New building to bring UCD vet med researchers together
An artist's rendering depicts the new $58.5 million UC Davis veterinary medicine building, dubbed Research Facility 3B. Courtesy sketch
With help from a gust of wind, a duck-tolling retriever named Kefi tugged the cloth from a sign marking a new UC Davis veterinary medicine building on Friday.
When finished in December 2012, the $58.5 million building, dubbed Research Facility 3B, will stand four stories high and measure 76,000 square feet.
It “will provide modern, innovative research facilities and a platform for the School of Veterinary Medicine to continue rising to even greater heights,” Chancellor Linda Katehi told about 100 people at a ceremonial groundbreaking.
Inside the new building, about 50 faculty members, some 40 faculty-student research teams and support staff will further delve into, among other areas, pet and human nutrition; neural diseases, like autism; and the link between human and animal disease.
It also will house extension specialists, biosecurity programs and food-safety monitoring and diagnostic systems.
“(There’s) excitement about the opportunities,” said Dean Bennie Osburn of the school, which ranked behind only Cornell University in the most recent U.S. News and World Report rankings. “Our faculty are well-poised and in many respects are on the leading edge in these different areas.
“We will be able to conduct research that is state-of-the art. We have aging facilities that make it impossible to conduct the type of research that we’re capable of doing and need to be doing.”
Vet Med 3B, northeast of Pritchard Veterinary Medical Teaching Hospital, will cap a $354 million effort to build eight new buildings for the school. Since 2000, six new vet-med buildings have been completed on campus, as well as a teaching and research center in Tulare.

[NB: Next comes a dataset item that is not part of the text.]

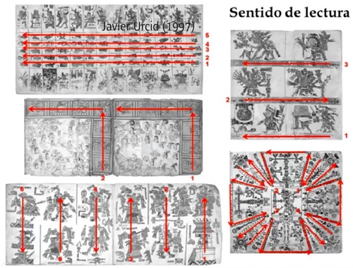 Los códices nahuas se leen generalmente de abajo hacia arriba. Pero también hay códices que se leen en zigzag, de derecha a izquierda, del centro hacia afuera o de arriba hacia abajo. Los documentos están rodeados por un margen de glifos calendáricos, cuya lectura es independiente de la distribución del texto central.

UCD launched the building program after the American Veterinary Medical Association put the school on limited accreditation in 1998, because it found the facilities inadequate for the number of students UCD had enrolled. Full accreditation was restored in 2004.
Vet Med 3B, designed to meet the LEED (Leadership in Energy and Environmental Design) gold standards, is being paid for with state funds raised from the sale of revenue bonds sold in April 2010, campus money and $12 million in private donations.

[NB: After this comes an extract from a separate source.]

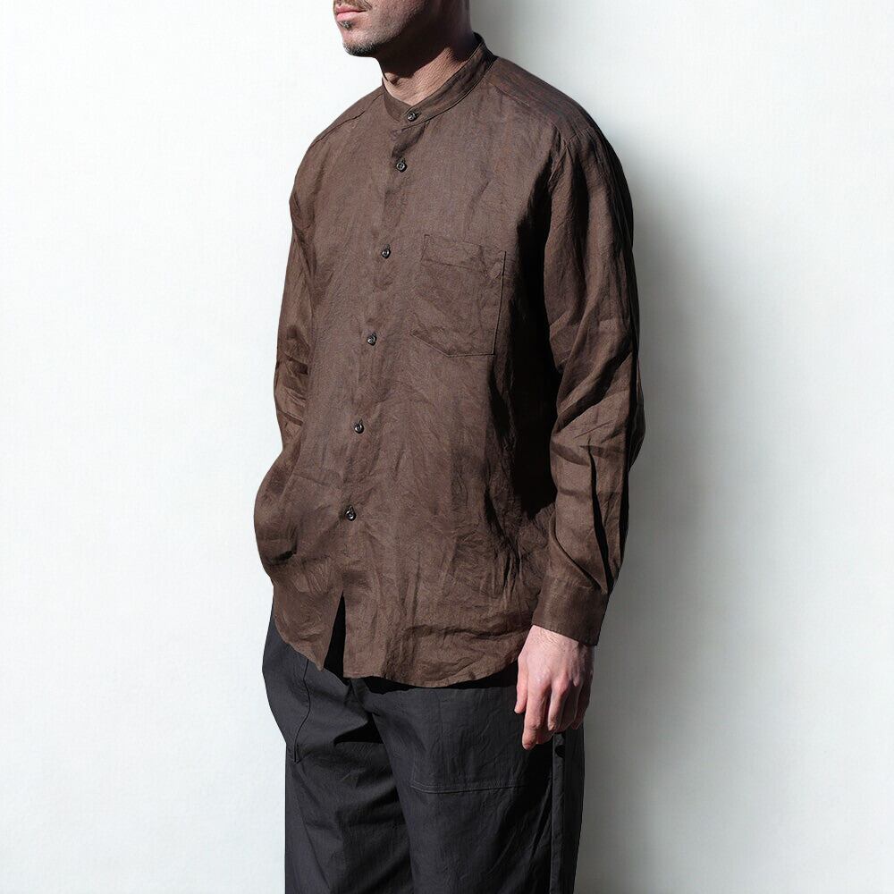 上質なフレンチリネンを使用した、春夏に最適なバンドカラーシャツ。

The new building will bring together in one corner of campus vet med researchers, clinical faculty and students who for 40 years have been scattered across a handful of sites on campus.
John Pascoe, executive associate dean, said that will encourage greater collaboration, as will the building itself. Rather than wall off a given researcher’s lab and office space from others, Biosafety level 2 and 3 labs will be clustered more closely together.
Pascoe, who oversees the school’s long-range building plan, compared that design and common areas to escaping jail cells for a playground. They’re mirrored in some of the school’s other new buildings. They’ve already yielded new partnerships.
“We’re seeing people come together, saying, ‘I didn’t realize you were working on that,’ or ‘I didn’t really understand that; you and I can do this together,’ ” he said.
The building’s more flexible design also will better allow for programs to grow and shrink, based on budget and need, he said, and incorporate changes in technology over time.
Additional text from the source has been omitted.